Add in Biden’s long history in the Senate, where he served from 1973 to 2009, and then the branch of Congress that deems itself “the upper chamber” looks ripe to be the center of political gravity in a Biden presidency.
“We want to be clear that a 50-seat majority is really no kind of majority at all,” said Henrietta Treyz, director of economic policy for Veda Partners in a recent research note.
“Technically the Vice President could break a tie but keeping all 50 senators of either the Republican caucus or the Democratic caucus united under those circumstances is extremely difficult.”
Senate Majority Leader Mitch McConnell has herded his conference through tough votes in recent years with only rare defections, the most high-profile being when the late Sen. John McCain of Arizona helped sink a Republican health care bill in 2017.
McConnell will still determine almost everything that heads to a vote on the Senate floor, giving him the ability to tilt the landscape in Republicans’ favor. However, after four years of essentially political trench warfare, many senators on both sides may see a Biden presidency as a chance to act on at least a few items before talk inevitably turns to the 2022 mid-terms.
Among those who could be potential swing votes are Republican senators Lisa Murkowski, Mitt Romney and Susan Collins, along with Democrat Joe Manchin. While Manchin would be in the minority if the Senate, as expected, stays under GOP control, he could offset possible Republican defections or undermine criticism Republicans are being partisan on a specific issue.
Murkowski, Romney and Collins as of late Monday were three of only four Republican senators to congratulate Biden on his win, while McConnell said President Donald Trump was “100% within his rights” to look into whether there were election irregularities.
“There are places we’ll be able to work together. Look, health care is a mess, prescription drugs are too expensive, surprise billing is going on. We can make some changes there,” Romney said on Sunday on Fox News Sunday with Chris Wallace.
“There are a number of places that we have common ground. But conservatives like myself are going to fight for conservative principles,” he said.
Manchin, in a Sunday appearance on CBS’ Face the Nation, said some of the more ambitious items favored by more liberal Democrats would fall by the wayside, like the Green New Deal and the Medicare for All.
“We’ve got to govern from that middle, that moderate middle.

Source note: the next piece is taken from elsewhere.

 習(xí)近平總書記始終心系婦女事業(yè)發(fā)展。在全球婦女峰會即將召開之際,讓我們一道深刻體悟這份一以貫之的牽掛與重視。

Joe Biden has always been there. He knows how to work across the aisle. He’ll reach out first and make the Senate work and give it every chance he can,” Manchin said.
“You’ll be surprised. There’ll be more and more crossing over, wanting to work in a more moderate Senate. I really believe that.”

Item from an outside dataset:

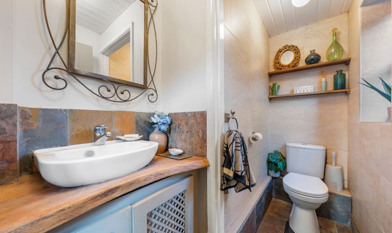 As you approach the cottage, you’re greeted by a quaint exterior that blends harmoniously with the surrounding landscape. Upon entering the cottage, you step into a large living room that exudes warmth and comfort. The centrepiece of the room is the grand fireplace, crafted from brick, adding a rustic charm and serves as a perfect gathering spot during colder months. The little nook which has been created at the front window, is perfect as a quaint reading spot.

Manchin has also said he would not support getting rid of the filibuster if Democrats took control, shooting down a priority among party liberals.
There remain two runoff Senate elections to be held in Georgia. If the uncalled seats in Alaska and North Carolina remain in GOP hands, as expected, Democrats would need to sweep both to gain control. But as the margin narrows, for either party, the lure of trying to be the swing vote becomes that much stronger.
The 107th Congress, from 2001 to 2003, saw three shifts in Senate control, though some were so brief they were barely noticed. It started at 50-50 with then-Vice President Al Gore casting the tie-breaking vote until Dick Cheney was sworn in on Jan. 20, 2001. In June 2001, upset with the first big George W. Bush tax cut, Sen. Jim Jeffords of Vermont switched from Republican to Independent and began caucusing with Democrats, giving them a one-seat majority.
That arrangement ended in November 2002, after a Republican, Jim Talent, was sworn in to replace Democrat Jean Carnahan, shifting the balance of power back to Republican hands.